[ovirt-users] Replica 3 distribute-replicated - data placement and fault tolerance

19 Apr 2019


      Hello Everyone,
I did some fio performance tests on a particular vm and I have noticed
things that I do not understand regarding how data is placed along the
bricks. I am sure this is a lack of knowledge, but I would really
appreciate any help in understanding this, I did a bit of research on the
internet,  but just could't find something relevant.
I have one replica 3 distributed-replicated arbitrated volume, across 18
bricks ( 9 nodes, 2 jbods per node ).
The volume was created as:
node1 - brick1, node-2, brick1,.....node9-brick1, node1 - brick2, node-2,
brick2,.....node9-brick2
As far as i've understood,  under the hood there are sets of 3 times
replicated data ( subvolumes ) which are assigned to the first 3 bricks,
next set of replicated data to the next set of 3 bricks,  and so on..
Now, I have this testing vm runign one node one.
When I've started the fio test, i've noticed incresed gluster traffic from
node 1 to node2,4 and 5
So I assumed that the vm disk is data resides on a subvolume allocated to
bricks from these hosts.
Then I have migrated the vm on node 2, and did the same test.

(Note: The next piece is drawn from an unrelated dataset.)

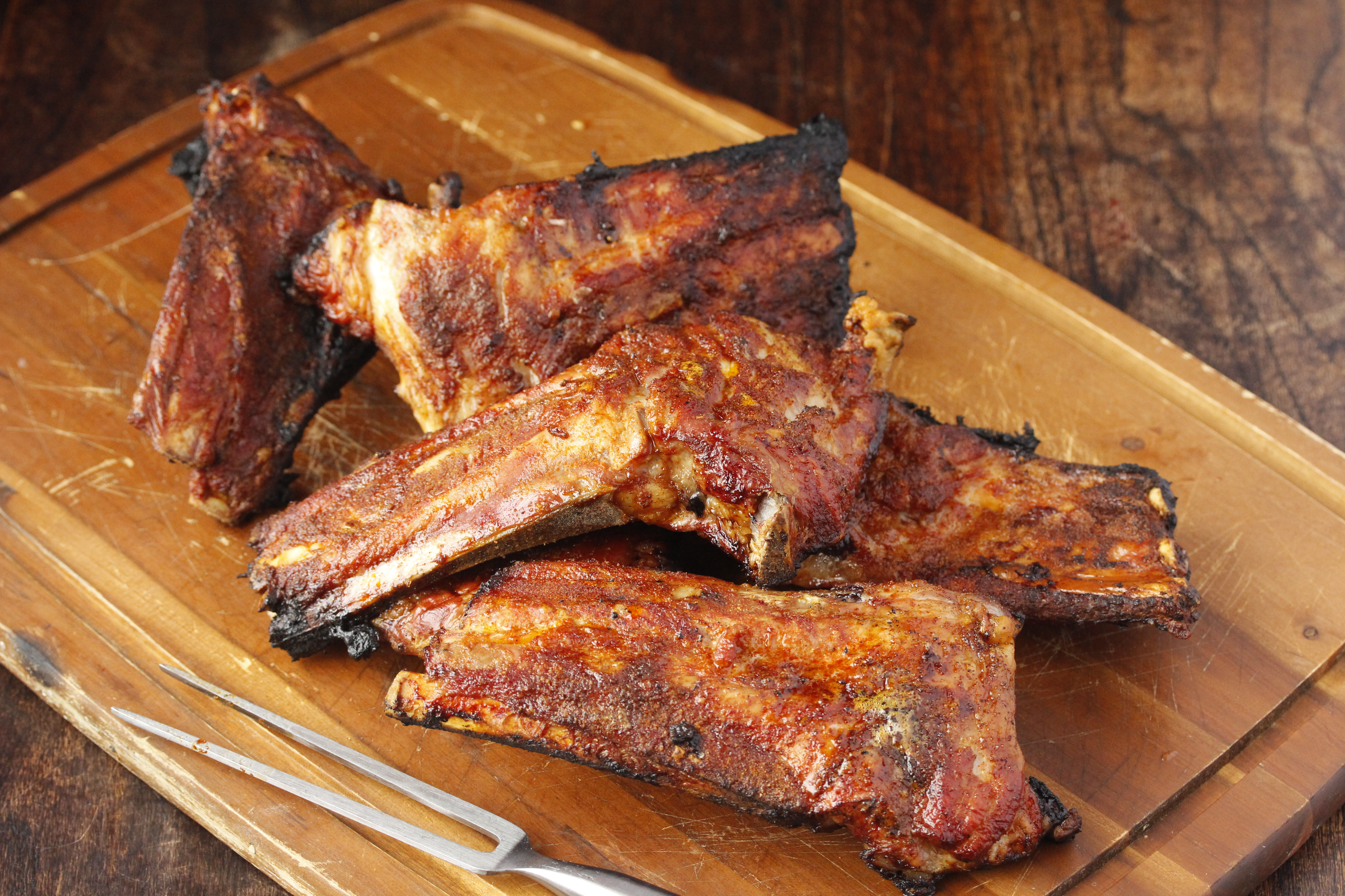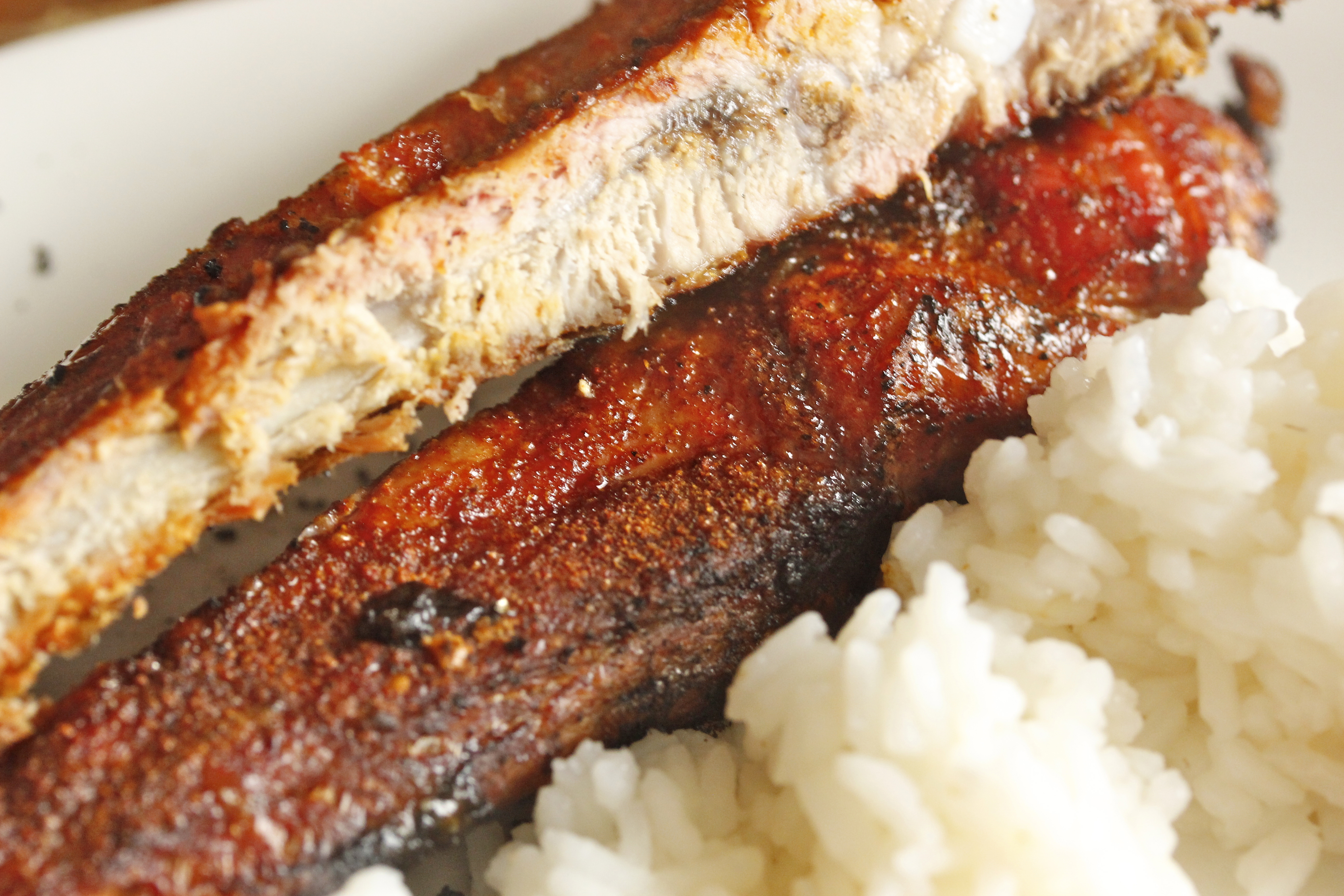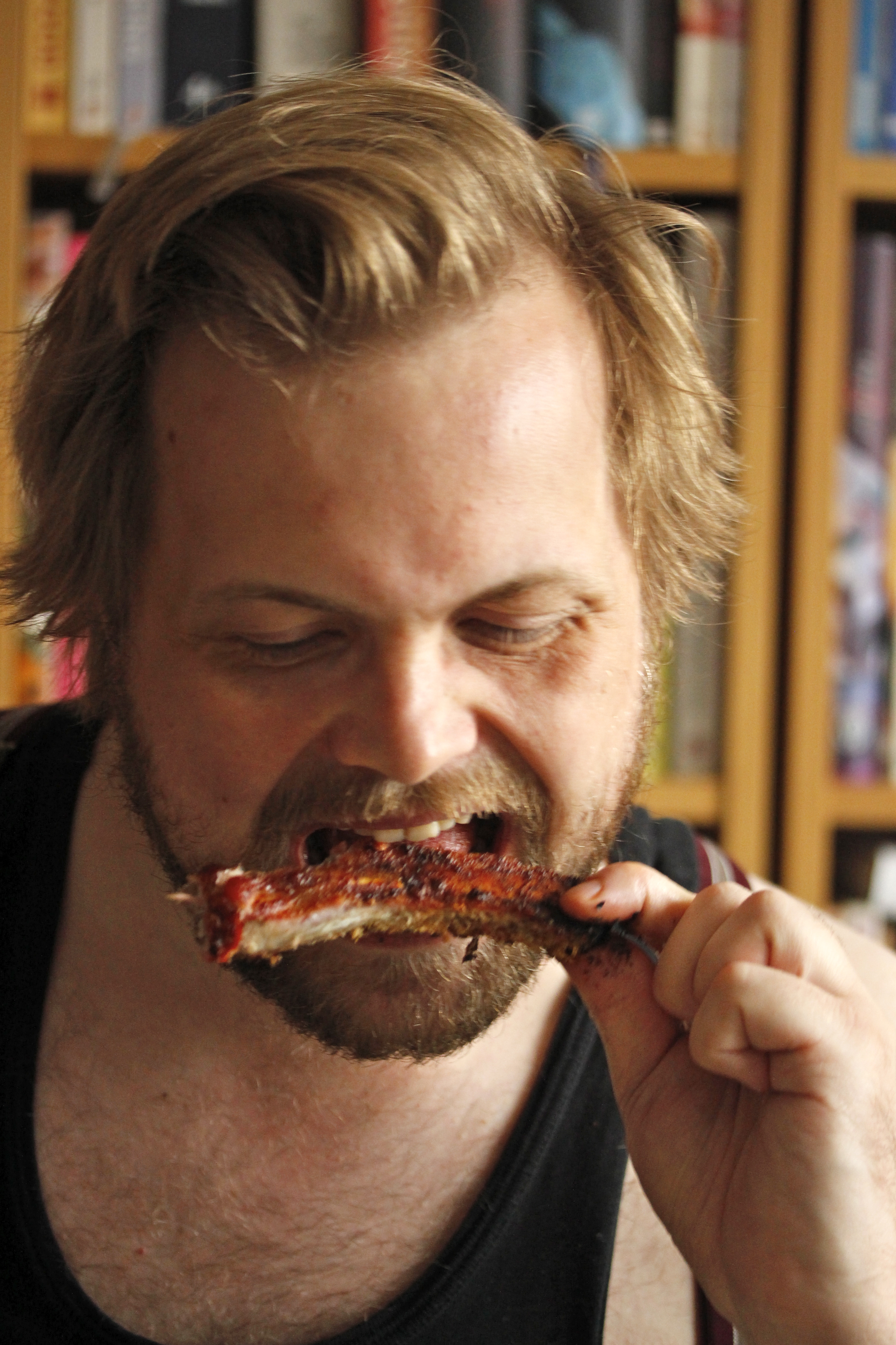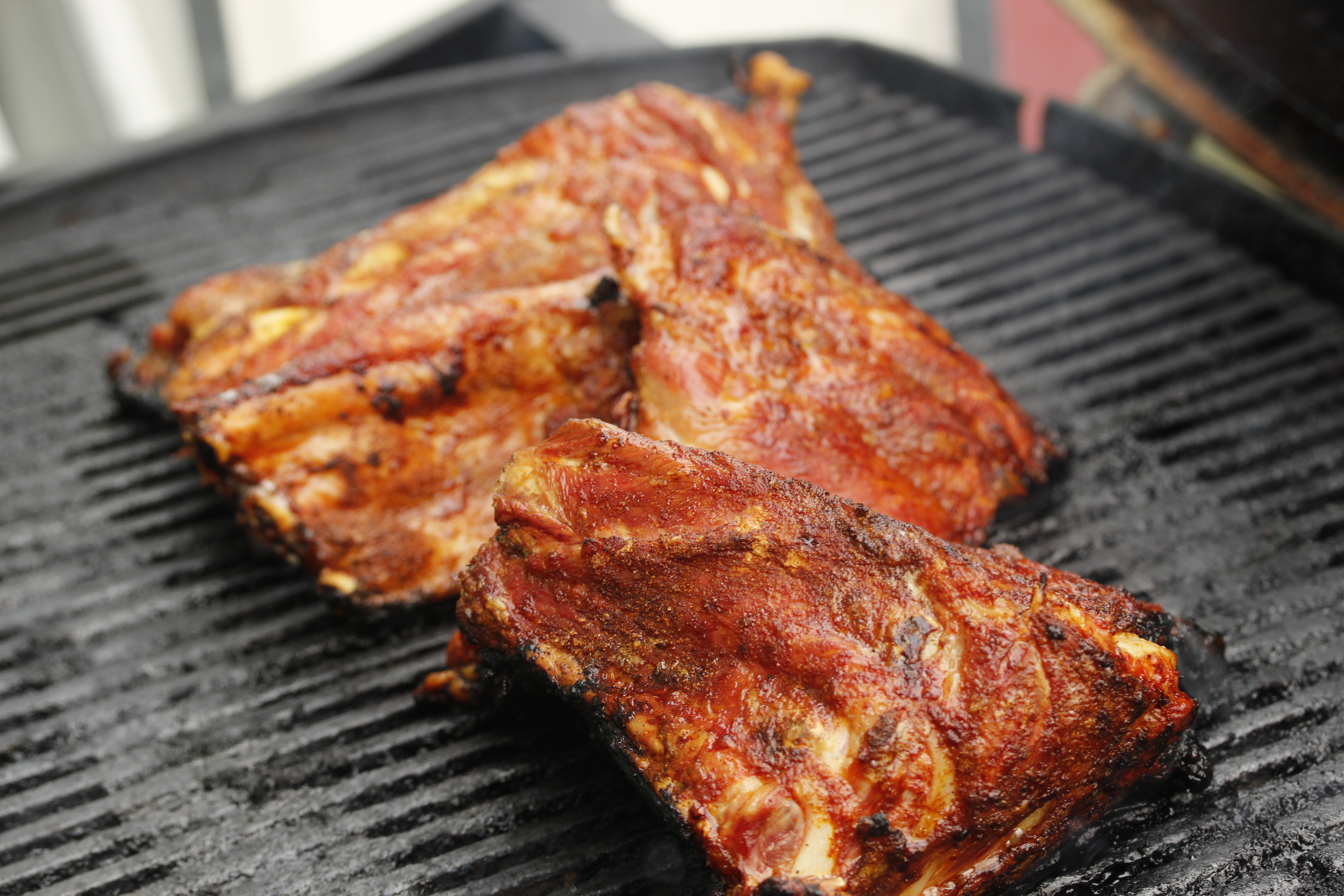 Lokaði svo grillinu aftur og leit ekki á rifin fyrr en þau voru búin að vera í svona klukkutíma og korter á grillinu en þá voru þau líka tilbúin. Tveir bitanna höfðu reyndar dottið og lagst flatir og voru dálítið brenndir að neðan en það má bara skafa af þeim … Annars má líka hlífa kjötinu með því að setja álpappírsbút undir, ekki of stóran.
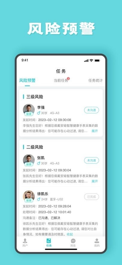 实时监测用户健康状况,第一时间识别健康异常用户并启动一、二、三级风险预警机制;提供用户健康服务数据统计功能,助力健康管理师与医生动态掌握用户健康信息,并结合用户既往病史,制定个性化健康指导方案。

Now the
increased treffic is generated from node2 to node1, 4, and 5..
What I do not understand is:
 - why gluster client ( ovirt host ) is sending data to  3 bricks if the
volume is arbitrated - shouldn't it send only to 2 of them ?
- why are there 4 brick implicated in this subvolume
- what would it be the fault tolerance level in this setup ,ie: how many
hosts can I take down and still having the volume serving IO requests; can
they be random ?
I am sorry for my lack of knowledge,  I am just trying to understand what
is happening so I can deploy a decent proper setup of an hci environment.
Thank you,
Leo


-- 
Best regards, Leo David